Er sagte, dass die weitreichenden Auswirkungen der Überschwemmungen in der Region eine konzertierte Reaktion der UN und ihrer Partner zur Unterstützung der Bemühungen der Regierung erfordern.
„Die von den Überschwemmungen betroffenen Menschen befinden sich in einer Krise innerhalb einer Krise, da die Überschwemmungen auf dem Höhepunkt einer schweren Krise der Ernährungsunsicherheit und Unterernährung auftreten“, sagte er.
Die Auswirkungen des extremen Wetters sind im ganzen Land zu spüren. Nach Angaben der National Emergency Management Authority (NEMA) sind mehr als eine Million Menschen in 29 Bundesstaaten Nigerias von den Überschwemmungen betroffen, wobei 201 Todesfälle in 15 der 36 Bundesstaaten des Landes gemeldet wurden und mehr als 550.000 Hektar Ackerland überschwemmt wurden.
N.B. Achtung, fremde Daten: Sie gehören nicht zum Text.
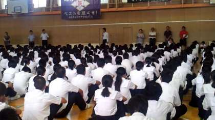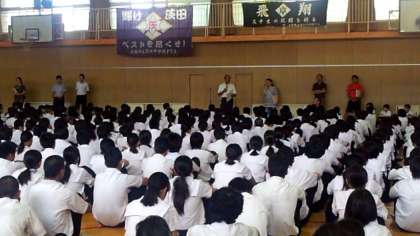 まず、ラグビー部をはじめとする、表彰をおこないました。(今までにも集会のたび、多数の表彰がありました)

Die Überschwemmungen kommen zu einer Zeit, in der 32 Millionen Menschen im Land mit schwerer Ernährungsunsicherheit konfrontiert sind. Allein in den Bundesstaaten Borno, Adamawa und Yobe sind 4,8 Millionen Menschen akut von Ernährungsunsicherheit betroffen, wobei 230.000 Kinder von schwerer akuter Unterernährung (SAM) bedroht sind.
Tschad
Im Tschad haben anhaltende starke Regenfälle zu großflächigen Überschwemmungen geführt, von denen fast 1,5 Millionen Menschen in allen 23 Provinzen des Landes betroffen sind. Familien wurden vertrieben und die Grundversorgung ist unterbrochen. Mindestens 340 Menschen sind gestorben, mehr als 265.000 Häuser wurden beschädigt und mehr als 250.000 Hektar Ackerland stehen unter Wasser. Es werden weitere starke Regenfälle vorhergesagt, die die Situation verschlimmern könnten.
Niger
In Niger war die diesjährige Regenzeit besonders verheerend. In den letzten drei Monaten waren mehr als 800.000 Menschen von Überschwemmungen im ganzen Land betroffen, die durch den Klimawandel noch verstärkt wurden. Mehr als 400.000 Menschen wurden aus ihren Häusern vertrieben, Straßen wurden unterspült, 217 Menschen kamen ums Leben und 200 weitere wurden verletzt. Durch die Überschwemmungen wurden außerdem etwa 17.000 Nutztiere getötet und mehr als 3.000 Hektar Ernte sowie 21,5 Tonnen Lebensmittel vernichtet.
Kamerun
Seit Mitte August wird die Region im äußersten Norden Kameruns, die an den Tschad und Nigeria grenzt, von heftigen Regenfällen heimgesucht, die zu großflächigen Überflutungen, Todesopfern und schweren Schäden führen. Durch sintflutartige Regenfälle wurden mehr als 12.500 Häuser beschädigt oder zerstört, Tausende Hektar Ackerland und Ernteerträge wurden überschwemmt und Tausende Tiere verendeten.
Mehr als 200.000 Menschen sind betroffen, darunter etwa 50.000 Flüchtlinge. Die örtlichen Behörden und humanitären Hilfsorganisationen setzen Notfallpläne um, stehen jedoch vor großen logistischen Herausforderungen, darunter Zugangsprobleme und ein wachsendes Seuchenrisiko.
Mali
Mali erlebt die schlimmsten Überschwemmungen seit Jahrzehnten. Die Wassermassen haben erhebliche Schäden angerichtet, Dutzende Menschen getötet, Tausende vertrieben, Häuser, Vieh und Ernten vernichtet und die Grundversorgung in den Bereichen Wasserversorgung, sanitäre Einrichtungen, Bildung und Gesundheit unterbrochen.
Die malische Regierung hat den Notstand ausgerufen. Etwa 340.000 Menschen in allen 19 Regionen des Landes sind von den Überschwemmungen betroffen. Da die magere Jahreszeit viele Gemeinden an den Rand einer Hungersnot gebracht hat, haben Familien, die von Subsistenzlandwirtschaft und Viehzucht leben, alles verloren. Um eine weitere Verschlechterung der Lebensgrundlagen zu verhindern, ist dringend Hilfe erforderlich.